In recent work, we show that in addition to these spending effects, house price changes also lead to significant changes in retail price inflation which have important implications for monetary policy (Stroebel and Vavra 2014).  Using barcode level price data from 2,400 US zip codes on a variety of products sold in grocery and drug stores, we estimate that when local house prices double, product prices will increase by 15 to 20 percent. That is, households living in locations with rapidly increasing real estate prices will also face rapidly increasing costs of goods purchased in local stores.

The left panel of Figure 1 shows that retail-price inflation was highest in locations with high housing price growth during the housing boom.  Conversely, the right panel of Figure 1 shows that the regions with the biggest declines in house prices during the housing bust experienced the lowest inflation over this time period.

Figure 1. Retail-price level (MSA) time series

Note: Figure shows the average retail price level over time for MSAs in the top quintile (solid black line) and bottom quintile (dashed blue line) of house price appreciation for the period 2001-2006 (Panel A), and the period 2007-2011 (Panel B).

Why do increases in house prices lead to increases in retail prices?  By definition, an item’s price is always equal to its cost plus some markup.  This implies that changes in retail prices always reflect either a change in costs or a change in markups.  While either channel would be interesting, we argue that our empirical relationship is primarily driven by markups.  To show this, we first control for various observable costs such as local wages, commercial rents, and wholesale costs to show that they cannot explain why retail prices rise with house prices.  If costs do not explain our result, then it must be explained by variation in markups.  But why should retailers increase markups when house prices rise?  We provide evidence that when house prices rise, this increases homeowners’ wealth.  As homeowners feel wealthier, they pay less attention to the particular prices they pay for retail goods.  Retailers then respond by increasing their markups.

Owning versus renting

We provide two pieces of evidence that this housing wealth effect on markups drives our results.
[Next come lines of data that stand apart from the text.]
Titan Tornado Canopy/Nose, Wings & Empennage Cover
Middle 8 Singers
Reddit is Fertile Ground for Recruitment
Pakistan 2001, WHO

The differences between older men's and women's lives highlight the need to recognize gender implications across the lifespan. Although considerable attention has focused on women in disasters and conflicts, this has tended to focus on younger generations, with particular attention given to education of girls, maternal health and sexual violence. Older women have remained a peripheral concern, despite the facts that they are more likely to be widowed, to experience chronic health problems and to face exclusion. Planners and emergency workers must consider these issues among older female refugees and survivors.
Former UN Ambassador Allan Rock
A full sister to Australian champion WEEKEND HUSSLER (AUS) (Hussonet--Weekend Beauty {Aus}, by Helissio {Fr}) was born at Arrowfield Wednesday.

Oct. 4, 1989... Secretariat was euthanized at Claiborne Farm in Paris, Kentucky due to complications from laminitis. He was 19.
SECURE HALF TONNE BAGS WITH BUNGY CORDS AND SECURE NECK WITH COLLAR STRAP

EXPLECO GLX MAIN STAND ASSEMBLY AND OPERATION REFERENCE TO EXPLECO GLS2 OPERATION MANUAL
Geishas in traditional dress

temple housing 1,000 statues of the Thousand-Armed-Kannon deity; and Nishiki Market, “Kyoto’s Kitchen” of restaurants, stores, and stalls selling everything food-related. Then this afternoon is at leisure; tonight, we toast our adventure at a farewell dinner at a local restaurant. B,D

First, we show that there is a strong interaction between house price growth and retail price growth.  Zip codes with high concentrations of homeownership exhibit a much stronger relationship between retail prices and house prices.

Figure 2. Retail-price level (Zip code) time series

Note: Figure shows the average retail price level over time for zip codes in the top quartile (solid black line) and bottom quartile (dashed blue line) of house price appreciation in the US between 2001 and 2011. Panel A shows results of zip codes in the bottom quartile of homeownership rate, Panel B shows results of zip codes in the top quartile of homeownership rate.
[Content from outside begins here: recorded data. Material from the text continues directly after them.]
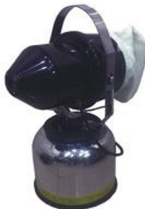
FOGGER FUMIGATOR SS938
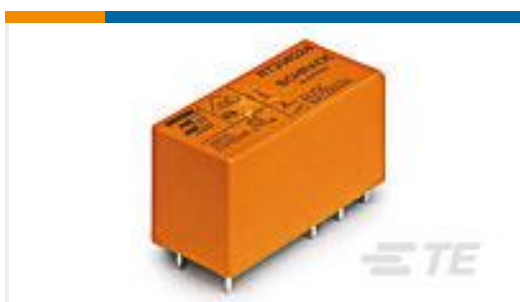
TE Part #6-1393238-2 RTD14012
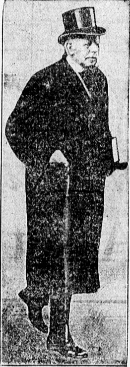
PEER ENTERS PRISON
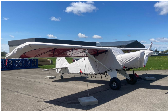
Bearhawk 4-Place Complete Cover Set, AFTER

WINTER USE MATERIAL - Made with Solution-Dyed Polyester fabric, this option is intended for seasonal use to aid in deicing, rain mitigation, or for occasional travel. The material is lighter and more compact, but more susceptible to UV damage and may have a shorter useful life if used continuously outside than the all-year use material.
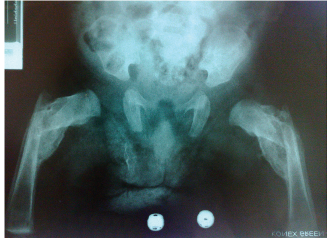
Fig. 4 - Radiograph of the femurs at the age of three weeks.

to be postponed until the child's infectious and respiratory conditions had stabilized.
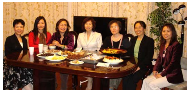
HMU 7 8 级的“资深美女”们
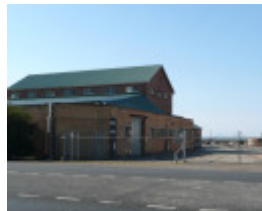
CHEETHAM SALTWORKS SOHE 2008
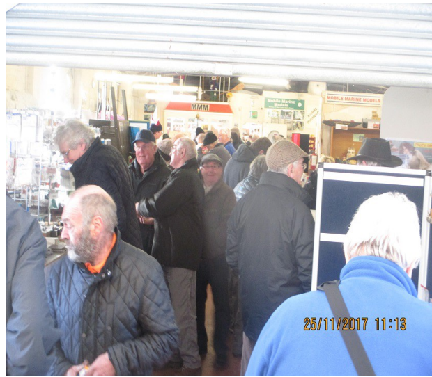
A busy morning at M Marine
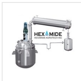
Industrial Resin Plant

In fact, in zip codes which consist primarily of renters, house-price increases do not lead to any increase in retail prices.  While house price increases should lead to the same increase in costs regardless of local homeownership rates, the effects on local wealth will depend greatly on homeownership.  If there are many homeowners in a zip code then house price increases will lead to large increases in wealth and thus large increases in markups.  In contrast, house price increases in zip codes where most households rent do not yield similar increases in local wealth, and that is why we see no increase in markups or retail prices.

Second, we provide direct evidence that homeowners’ retail price sensitivity changes when house prices increase.  Using household shopping data collected by AC Nielsen, we show that when house prices rise, homeowners spend more, but they purchase a smaller share of generic goods, use coupons less intensively, and purchase fewer goods on sale.  In contrast, we see no such effects for renters.

Causal inference

We document a robust positive relationship between house prices and retail prices and argue that this occurs because house price increases cause wealth to rise, which leads firms to raise markups.  It is important to note that correlation does not imply causation.  It is possible that the correlation between retail prices and house prices we find instead reflects some third factor that moves both variables, or reflects reverse causation with increases in retail prices driving increases in house prices.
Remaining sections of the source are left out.